Transferable Backdoor Attacks for Code Models via Sharpness-Aware Adversarial Perturbation
Shuyu Chang, Haiping Huang, Yanjun Zhang, Yujin Huang, Fu Xiao, Leo Yu Zhang
TL;DR
This work addresses backdoor vulnerability in code models under realistic cross-dataset conditions. It introduces STAB, a transferable backdoor framework that combines Sharpness-Aware Minimization to locate flat loss regions with a differentiable Gumbel-Softmax-based trigger optimization constrained by MMD terms for syntactic validity and diversity. Empirical results across three datasets and two code models show that STAB achieves higher cross-dataset attack success (average ASR up to $80.1\%$) and maintains strong stealth against defenses (ASR-D up to $73.2\%$), outperforming static and dynamic baselines by substantial margins. The findings emphasize the need for defenses that consider loss-landscape geometry and globally optimized trigger patterns to mitigate transferable backdoors in code models.
Abstract
Code models are increasingly adopted in software development but remain vulnerable to backdoor attacks via poisoned training data. Existing backdoor attacks on code models face a fundamental trade-off between transferability and stealthiness.

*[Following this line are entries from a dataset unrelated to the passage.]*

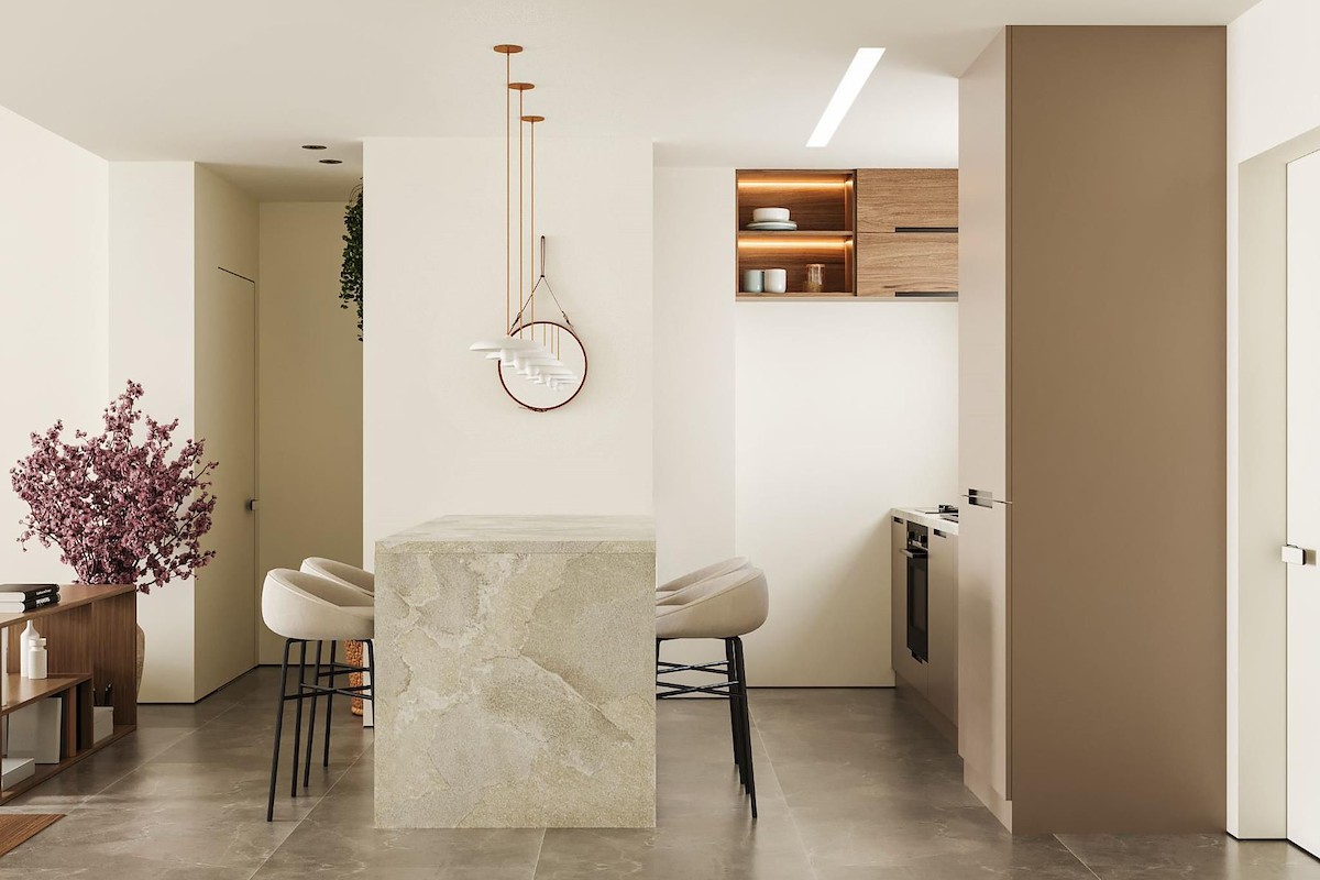 Yüksek standartlarda inşa edilmiş, ışığı ve alanı yakalamak için yüksek tavanlara sahip, yerden tavana kadar
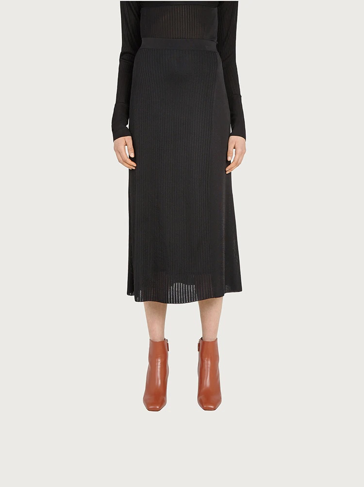 A harmonious combination of clean lines and innovative creativity defines this chic viscose knit skirt. Made from fibers derived from certified responsible forestry, the viscose imparts a lightness to this pleated skirt, that is enhanced by the fluid fit. The semi glossy finish on the fabric ensures a twist of glam that you can dress up or down according to your mood. Model measurements: Height 5'11"/180 cm, Bust 32"/81.5 cm, Waist 25½"/64.5 cm, Hips 34½"/87 cm - Composition: 100% viscose derived from certified responsible forestry - Made In ITALY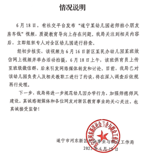 6月18日,有社交平台发布“遂宁某幼儿园老师拍小朋友房车钱”视频,质疑教育导向上存在问题。我局关注到相关内容后,立即组织专人对全区幼儿园进行排查。

Static trigger-based attacks insert fixed dead code patterns that transfer well across models and datasets but are easily detected by code-specific defenses. In contrast, dynamic trigger-based attacks adaptively generate context-aware triggers to evade detection but suffer from poor cross-dataset transferability. Moreover, they rely on unrealistic assumptions of identical data distributions between poisoned and victim training data, limiting their practicality. To overcome these limitations, we propose Sharpness-aware Transferable Adversarial Backdoor (STAB), a novel attack that achieves both transferability and stealthiness without requiring complete victim data. STAB is motivated by the observation that adversarial perturbations in flat regions of the loss landscape transfer more effectively across datasets than those in sharp minima. To this end, we train a surrogate model using Sharpness-Aware Minimization to guide model parameters toward flat loss regions, and employ Gumbel-Softmax optimization to enable differentiable search over discrete trigger tokens for generating context-aware adversarial triggers. Experiments across three datasets and two code models show that STAB outperforms prior attacks in terms of transferability and stealthiness. It achieves a 73.2% average attack success rate after defense, outperforming static trigger-based attacks that fail under defense. STAB also surpasses the best dynamic trigger-based attack by 12.4% in cross-dataset attack success rate and maintains performance on clean inputs.